Words cannot convey how grateful I am that he was wrong. That the contradictory behemoth spared my father. I will never find the words that can convey how angry I was at the plant for that automated phone call. At tenets of our society that abandoned or exploited us during these last few years. I had family members in the plant west of us in Iowa. Where supervisors had a betting pool on which of their workers would get COVID first. When my mom called me that Monday morning I felt alone. By that time it was 4 months and counting in isolation. My parents were upset that my wife and I declined to visit during the holidays. It felt inevitable. The way we tried to sequester but it still rocked my family the way it did.
Which brings me back to our summer in Montana, and the actual last day of our stay. When my dad brandished a watermelon he had acquired that morning. He picked it out with a method he has yet to reveal to me. He put the sandia on the counter and told me about the only way to eat it. Folks circled my dad, shoulder to shoulder, necks craned from behind the huddle as he took out a pocket knife. After wiping the blade on his shirt he cut into la sandia, taking care not to plunge the knife fully into the fruit. "No mas como 3 inches." He said as he repeated the cuts across the top hemisphere of the rind. He jostled and cracked off the slices. What was left was a picture of a watermelon I hadn’t seen before. It looked like a heart, red and exposed from the pieces my dad ripped from it. He looked over at me in a dramatic pause, holding a ragged slice before chucking it into a nearby bin.
"Wait, you just throw away the rest of it?" someone asked.

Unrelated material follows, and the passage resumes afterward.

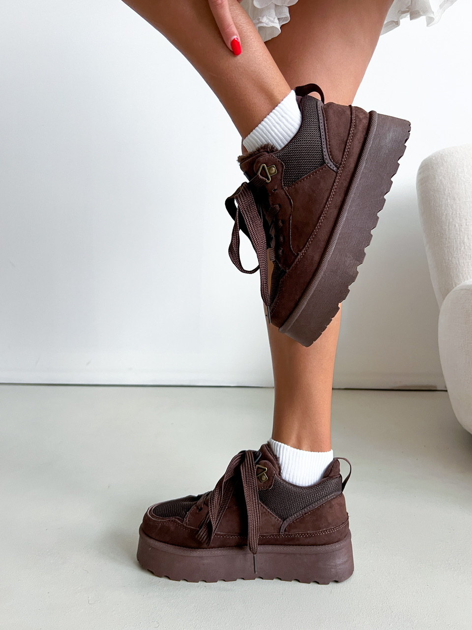 Športová obuv na miernej vysokej podrážke na platforme (cca 3,5 cm). Zvršok sa skladá z viacerých materiálov. Vnútorná časť je zateplená umelou kožušinkou.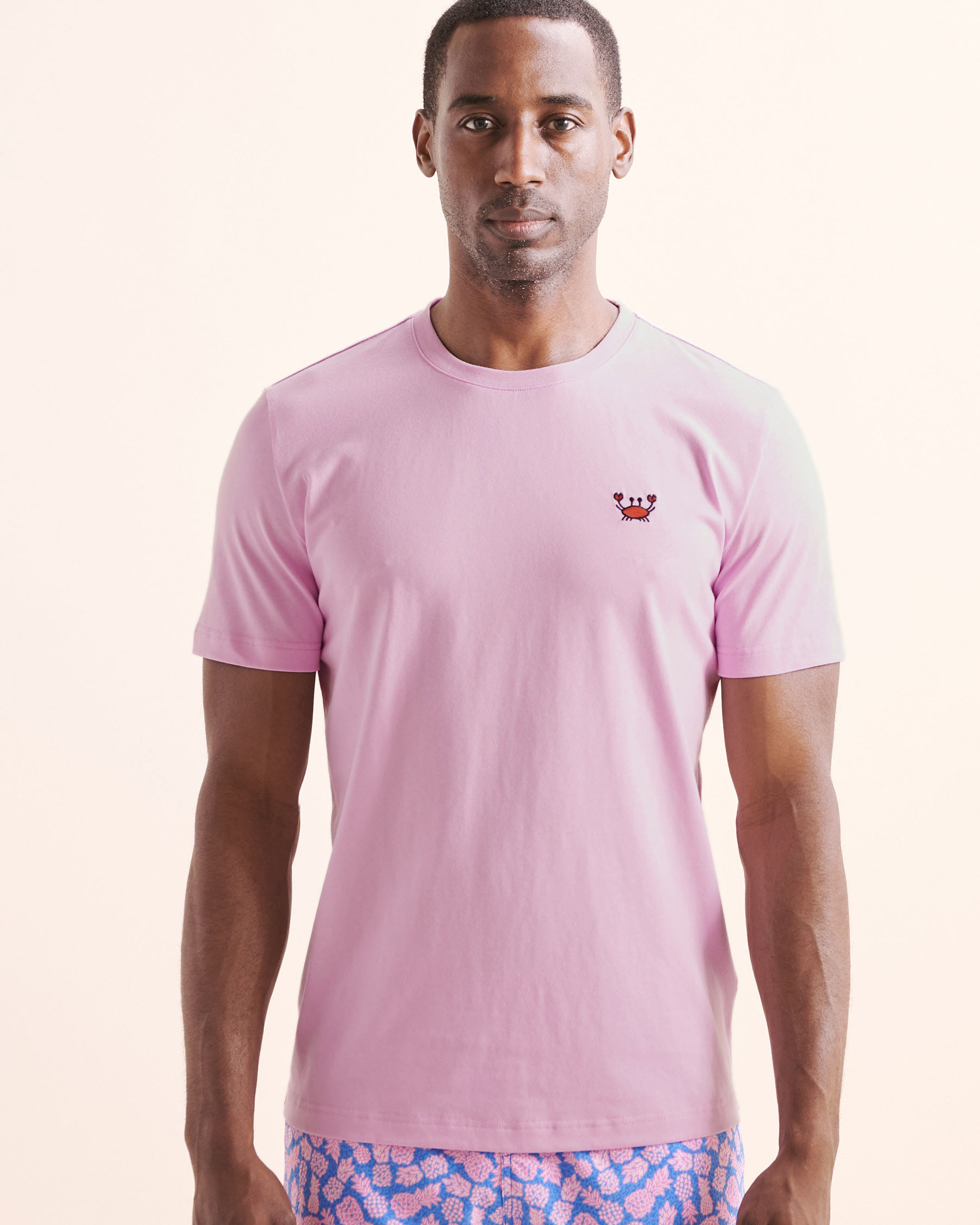 Ajoutez une touche ludique à votre look avec ce t-shirt à manches courtes orné d’un petit crabe imprimé sur la poitrine. Sa coupe décontractée et son tissu doux en font un essentiel confortable. Un clin d’œil discret au bord de mer, facile à porter et à associer.

"Si. Is no good. That's how we eat it. In Mexico we only eat when we have lots of melons. When we have lots of people."
My father cradled the bottom of the sandia in his arms as he cut off pieces for the crowd. We grabbed them with our bare hands. To eat quick before the juices ran down our arms onto the floor. My dad smiled as others in the lodge clambered over to get a piece for themselves. Kids snaked through the legs of adults and held up grubby hands to get their own piece. It was one of the best watermelons I've tasted. After all, it's the only way to eat it.